» ACTIVITY
Some entries follow. Reproduce exactly the lines starting at the one with "8/13(水)~8/18(月)の期間はお休みとなります。" and stopping after the one with "图为工人在泉州石狮一家水产品".

*** Opening of DATA TO PROCESS ***

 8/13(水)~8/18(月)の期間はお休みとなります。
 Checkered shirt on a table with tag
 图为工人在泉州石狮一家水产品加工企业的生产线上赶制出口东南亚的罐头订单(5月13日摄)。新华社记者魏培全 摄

*** Close of DATA TO PROCESS ***
*** Opening of DATA TO PROCESS ***

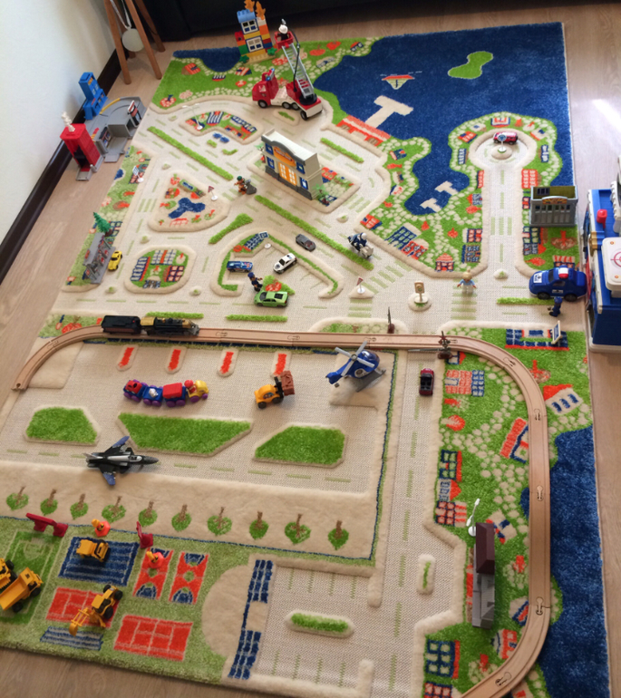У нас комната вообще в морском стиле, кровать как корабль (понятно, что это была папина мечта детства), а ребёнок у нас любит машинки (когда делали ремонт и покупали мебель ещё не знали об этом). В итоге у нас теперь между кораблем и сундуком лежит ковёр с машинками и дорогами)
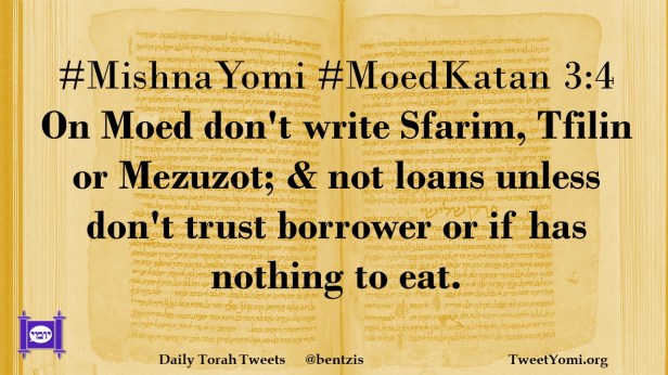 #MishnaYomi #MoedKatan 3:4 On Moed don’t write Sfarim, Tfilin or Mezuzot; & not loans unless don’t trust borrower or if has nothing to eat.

*** Close of DATA TO PROCESS ***

» WRITTEN SOLUTION
 8/13(水)~8/18(月)の期間はお休みとなります。
 Checkered shirt on a table with tag
 图为工人在泉州石狮一家水产品加工企业的生产线上赶制出口东南亚的罐头订单(5月13日摄)。新华社记者魏培全 摄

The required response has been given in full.